Submitted to: Textile Research Journal
Publication Type: Peer Reviewed Journal
Publication Acceptance Date: 12/13/2006
Publication Date: 4/1/2007
Citation: Cardamone, J.M. 2007. Enzyme-mediated crosslinking of wool part I: transglutaminase. Textile Research Journal. 77(4):214-221.
Interpretive Summary: Shrinkproofing wool to control felting and dimensional stability usually requires oxidative bleaching and enzymatic digestion. The ARS process utilizing oxidation and enzyme treatment can result in up to 18% fabric strength loss. When a common crosslinking enzyme, transglutaminase, was applied to ARS-processed wool fabrics, up to 5% strength was regained. Proof of the effectiveness of applying this enzyme was shown in the infrared spectra of the treated fabrics. The spectra revealed the chemical changes in the reactive groups of wool’s dominant protein, keratin, that are involved in this type of crosslinking. The chemical properties of wool that make it dyeable and available to other chemical finishing processes were not affected. These results lay the groundwork for other chemical changes in wool designed not only to improve physical properties but also to produce novel value-added wool products.
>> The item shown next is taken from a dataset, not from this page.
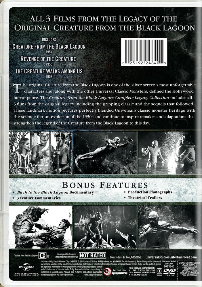 Creature from the Black Lagoon Complete Legacy Collection DVD Richard Carlson Product | GRUV Home DVD Blu-ray 4K Gruv > Creature from the Black Lagoon Complete Legacy Collection DVD Richard Carlson [Back] Creature from the Black Lagoon Complete Legacy Collection DVD Richard Carlson The original Creature from the Black Lagoon is one of the silver screen's most unforgettable characters and, along with the other Universal Classic Monsters, defined the Hollywood horror genre. The Creature from the Black Lagoon: Complete Legacy Collection includes all 3 films from the original legacy including the gripping classic and the sequels that followed. These landmark motion pictures perfectly blended Universal's classic monster heritage with the science-fiction explosion of the 1950s and continue to inspire remakes and adaptations that strengthen the legend of the Creature from the Black Lagoon to this day. Product Creature from the Black Lagoon: Complete Legacy Collection (DVD + Movie Cash) [DVD] Format: DVD Catalogue No: 61163325 Studio: Universal Certification: G Release Date: 02/03/15 Region: Region 1 Duration: 241 minutes Discs: 2 Color: B/W Sound: DOLBY DIGITAL 2.0 - English Extras: Language(s): English|Subtitles: English SDH|Interactive Menu|Screen ratio 1:1.85|Dolby Digital 2.0 Extras: Documentaries: Back To The Black Lagoon Shipping *** FREE SHIPPING ON ALL ORDERS *** All items ordered before 11:00am EST will be shipped on the same day. Items ordered after 11:00am EST will be shipped on the following day. Orders placed after 11:00am EST on Friday will be shipped on the following Monday. If you have any questions regarding your order, please contact us How will I know when my order has been shipped? As soon as your order is sent from our warehouse you will be sent an email to confirm that it's on its way. Once my order has been shipped when will I receive it? Depending on your method of shipping, your timing will vary: Economy Shipping - you will receive your order in 3-10 days Expedited Shipping - you will receive your order in 1-5 days Next Business Day - you will receive your order in 1 Business day. This service is only available on orders placed Monday through Thursday The timeliness of service to destinations outside the contiguous U.S. may be affected by the limited availability of transportation. Due to the variability of transportation, Package Services and USPS Mail packages may take up to two to five weeks to reach Hawaii, Alaska, Puerto Rico and any U.S. Territories. This includes ZIP Codes with prefixes of 967 and 969 and those with the following prefixes: 995, 996, 997, 998, 999, 968, 006, 007, 008, and 009 Do you charge for shipping? *** FREE SHIPPING ON ALL ORDERS *** Economy Shipping - USPS Media Mail - FREE - 3 to 10 business days Expedited Shipping - FedEx Ground - $5.99 - 1 to 5 business days Next Business Day - FedEx Overnight - $14.99 - 1 business day PLEASE NOTE THAT ORDERS PLACED USING FEDEX CANNOT BE DELIVERED TO PO BOXES What do I do if I have not received my order? If your order does not arrive within 14 days please contact us so that we can investigate with the delivery company. One of the items is missing from my order. What do I do? Sometimes items that are purchased on the same order may arrive to you on different days. We will send you an email to let you know when each item is on its way. What happens if I am not at home to accept my delivery? Most of our products do not require you to be at home to be delivered. In the event that you have ordered products which will not fit in your mailbox, and you are not home to accept the delivery, then the postal service will follow their usual procedure. This usually means a card is left to notify you of an attempted delivery and the item will be held at your local sorting office. For items sent via FedEx, a card should also be left to allow you to arrange a redelivery or collection. Which countries do you deliver to? We deliver to the United States and US territories. Do you deliver on Public Holidays? Holidays are not considered working days, so we don't include these in our estimated delivery times. In this instance you should expect delivery on the next working day following the Holiday. Returns Here at GRUV Entertainment we want you to be 100% happy with your purchase, and we'll do everything we can to make sure you are. If you would like to return a product to us, please contact us. How do I return an item? To arrange a return please contact us and we will be more than happy to arrange this for you. All you need to tell us is which items you wish to return and the reason why. We will then issue you a unique Returns Authorization (RA) number and the return instructions. I have received my item, but I no longer want to keep it? If you are unhappy with your purchase, please contact us within 30 days of receiving the item for a full refund - please note that DVDs, Blu-rays & 4K Ultra HD that have been opened or have had their shrink-wrap removed are not eligible for return. The cost of shipping to return a product you no longer require will be paid for by the person returning the product and will require a Returns Authorization (RA) number. The RA number will be given to you by our customer services team. I have received my item but it's damaged / faulty. What should I do? If your item arrived damaged or is faulty, we will make this right as soon as possible, either by sending a replacement item to you or refunding your account. If we ask for the item to be returned to us, then GRUV Entertainment will pay for the cost of the return via a pre-paid label. In the unlikely event that your order is received damaged or faulty, all you need to do is contact us within 30 days of receiving the item and we will provide you with the relevant returns information. I have received an item that I did not order. What should I do? If you received an item that you did not order, you can return it to us within 30 days of receiving it for

Technical Abstract: Felting shrinkage of wool fabric can be controlled by oxidation and protease treatment but strength loss usually results. The ARS process provides bleaching, biopolishing, and shrinkage control after applying peroxycarboximidic acid oxidation and selective enzyme digestion. Fabric strength loss of from 10% to 18 % can result in fine-gage knit fabrics. After the application of microbial transglutaminase (TG) to ARS-processed wool fabric 3% to 5% fabric strength was regained. The TG transferase-mediated acyltransfer reaction provides crosslinking between glutamine and lysine to form carboxylamide groups of peptide-bound glutamine in wool keratin. Changes in the specular reflectance FTIR spectra of the treated fabrics revealed changes in the amide I and II regions of keratin which were attributed to the functional groups involved in the crosslinking reaction of transamidation. Confocal fluorescence microscopy showed no influence of TG on the anionic charge imparted by peroxycarboximidic acid oxidation. Scanning electron microscopy showed no influence of TG on the scale smoothing or removal imparted by the ARS process. Confocal microscopy further revealed the abundant presence of amine groups in the TG-treated fibers. Thus there is evidence that ARS-processed keratin substrates in the solid state can be self-cross-linked and that they have potential for further reactivity.